Editor’s note: The following is an interview with Christopher McCurry, PhD, a clinical child psychologist in private practice specializing in the treatment of childhood anxiety. Dr. McCurry is a clinical assistant professor in the departments of psychology and psychiatry at the University of Washington in Seattle, WA. He is the author of Parenting Your Anxious Child with Mindfulness and Acceptance.
Praxis: How did you become interested in working specifically with children?
CM: I became interested in working with children through some early work—in graduate school—with young adults with developmental disabilities. This led me to clinical research on early intervention programs in hopes of preventing problems down the road, and subsequently, to working with young children of all kinds.
Praxis: What are some of the things that need to be adapted when doing acceptance and commitment therapy (ACT) with children that may pose a challenge for clinicians who are already well-versed in ACT work?
CM: Many of the same issues and adaptations are needed in doing individual psychotherapy of any kind with children—limited capacity for reflecting on thoughts and feelings especially when time (past or future) gets thrown in; a reticence to acknowledge problems (saving face); and the complications imposed by necessarily working with important adults such as parents and teachers, to name a few.
The result is more emphasis on short-term goals—and perhaps goals that initially seem distant from what the adults are looking for—so that the therapist can engage the child in a therapeutic alliance.
With ACT specifically, one can’t get too abstract or wordy, especially with children under the age of ten. Children do like metaphors, stories and experiential exercises that are active and fun. ACT work is often used in conjunction with other child behavioral interventions such as reward programs, parent management practices, exposure/response prevention, and skill building.
Praxis: What are some of the benefits of working with children when doing ACT work that makes things easier than doing the work with adults?
CM: Children are, I think, living every day with figurative language: metaphor, fables, thinking imaginatively and creatively. They delight in the ACT metaphors and in new ways of looking at the world. Adults often come into therapy a tad rigid and with a “just give me the answer” stance that grates against “don’t believe everything you believe,” and other ACT paradoxical language.
Children often have not reflected on their thinking or articulated the verbal rules they live by. Helping a child step back from his or her thinking (what the modern analysts call mentalizing), can be powerfully liberating. You can preclude a lot of future psychological inflexibility by developing these insights and habits early on.
Praxis: You specialize in working with children who experience anxiety. Why is it that ACT is so well-suited to this specific population?
CM: Anxiety yields well to ACT in part because there is an inherent and immediate tension between the anxious or fearful thoughts and feelings and what individuals want for their life. This makes it relatively easy to talk about valued goals and accepting what lies between you and moving toward that goal.
The concepts and metaphors (e.g., willingness, the chessboard) are hugely effective in getting people unstuck and experiencing a difference in life without the necessity of changing, in the short run, how they are thinking and feeling.
See also: Moving Toward What’s Important: An Intro the ACT Matrix
Praxis: What has the research shown thus far about doing ACT with children?
CM: The research with children is growing, but still quite sparse and lacking in randomized control designs. Swain et al 2015 is a good recent review. The vast majority of ACT intervention studies with “children” in fact involve adolescents.
Despite methodological issues, the research generally supports ACT as an effective intervention for a variety of concerns and issues, from tic disorders to eating disorders, depression, even high-risk sexual behaviors.
One promising area of clinical intervention is in autism spectrum disorders; for example, increasing perspective-taking in young individuals, as well as addressing stress and coping in their parents.

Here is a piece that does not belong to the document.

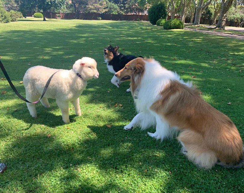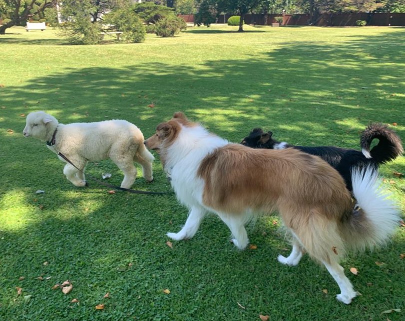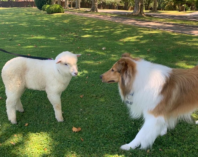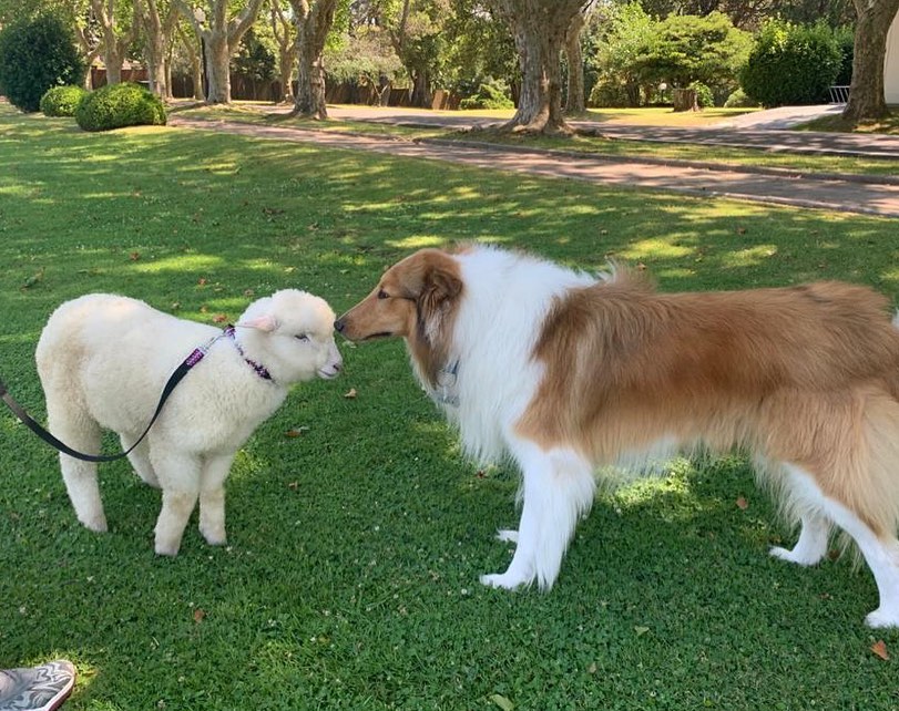 Dylan, el perro del presidente Alberto Fernández, presentó a la oveja Argentina, la nueva integrante de la familia presidencial.

Praxis: Aside from anxiety, what are some of the emotional and behavioral issues that children experience that are particularly well-suited for ACT interventions?

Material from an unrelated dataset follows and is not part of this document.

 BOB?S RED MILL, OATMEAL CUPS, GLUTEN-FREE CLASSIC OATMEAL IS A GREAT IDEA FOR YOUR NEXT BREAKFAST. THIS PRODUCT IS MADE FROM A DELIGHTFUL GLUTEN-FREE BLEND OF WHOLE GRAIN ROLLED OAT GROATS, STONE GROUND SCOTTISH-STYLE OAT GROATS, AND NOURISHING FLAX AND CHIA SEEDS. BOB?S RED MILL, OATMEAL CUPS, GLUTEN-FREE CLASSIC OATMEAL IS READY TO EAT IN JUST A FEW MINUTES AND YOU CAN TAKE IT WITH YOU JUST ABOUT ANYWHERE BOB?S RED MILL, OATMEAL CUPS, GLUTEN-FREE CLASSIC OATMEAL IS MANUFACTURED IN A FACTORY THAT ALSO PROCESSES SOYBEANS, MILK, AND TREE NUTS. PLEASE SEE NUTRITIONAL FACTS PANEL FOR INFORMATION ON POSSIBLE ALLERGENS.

CM: As mentioned above, ACT is showing promise with a number of emotional and behavioral issues: impulse control disorders (ADHD, OCD, and trichotillomania), chronic pain, depression, and PTSD.

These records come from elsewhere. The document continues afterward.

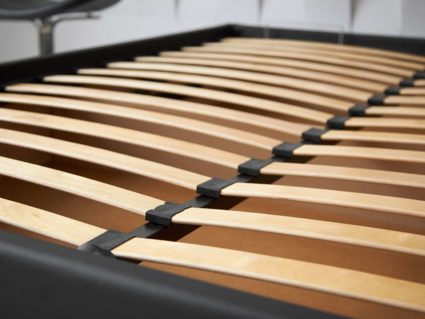 Коробочный каркас кровати собран из ДСП. Это прочный и надёжный материал, который широко используются в мебельной промышленности и органично переносит нагрузки.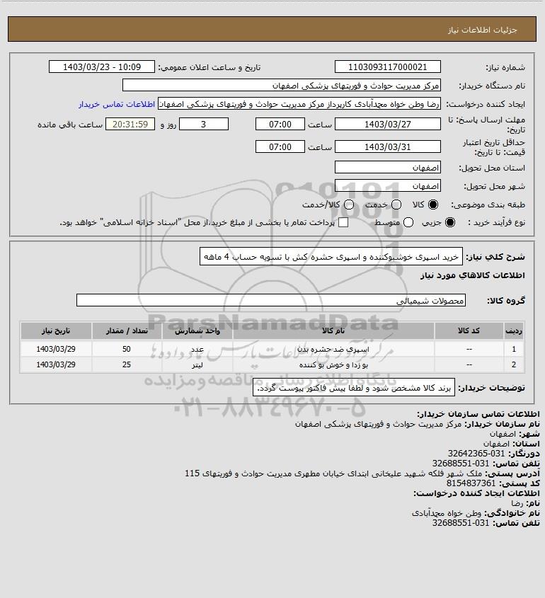 | 1 | -- | اسپری ضد حشره بدن | عدد | 50 | 1403/03/29 |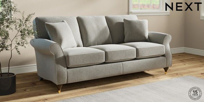 7.2.10 Ashford 3 Cushion 3 Seater Sofa Chunky Texture Dove Modern Turned Metal Cap - Mid | Made Click here to use our website with more accessibility support, for example screen readers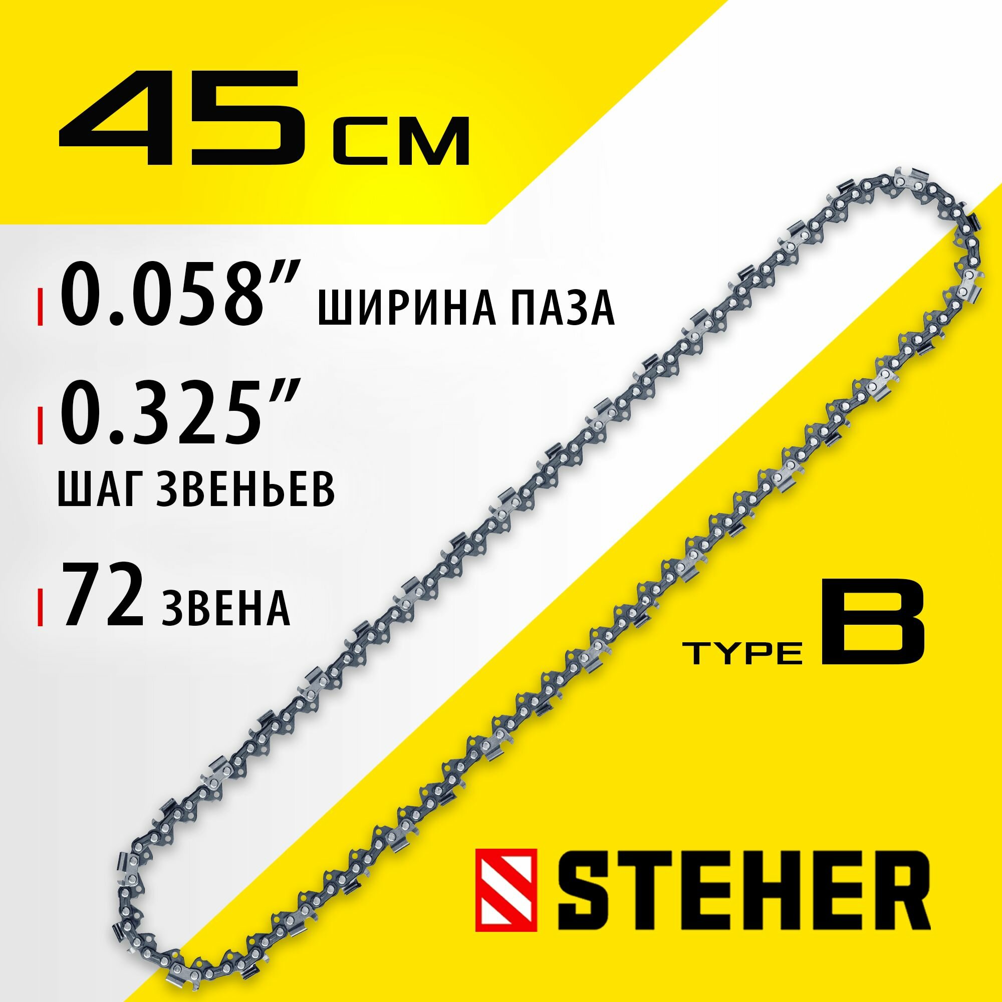 Цепь для бензопилы STEHER type B, шаг 0.325", паз 1.5 мм, 72 звена информация:

ACT is a transdiagnostic approach; it focuses on the common processes that keep people stuck or that allow growth and a vital life, e.g., psychological flexibility. As such, it has wide application across the traditional diagnostic categories.
There is a lot of acceptance involved in parenting, a lot of willingness, and a lot of keeping your eye on the valued goal. I explicitly teach ACT metaphors and concepts to the parents so that they can model psychological flexibility for the child in difficult moments and also use these tools themselves as they navigate the day-to-day life of the family while experiencing their own wide and powerful range of thoughts, verbal rules, feelings, and memories.
Praxis: Certainly the parent or caregiver plays an important role in the therapeutic process when working with children. Do you think that the skills taught in ACT work lend themselves well to fostering parent participation, and otherwise engaging parents effectively?
CM: I work a lot with parents, especially with very young children (e.g., four and five-year-olds). They are like my assistant coaches out in the world where the interesting events are happening.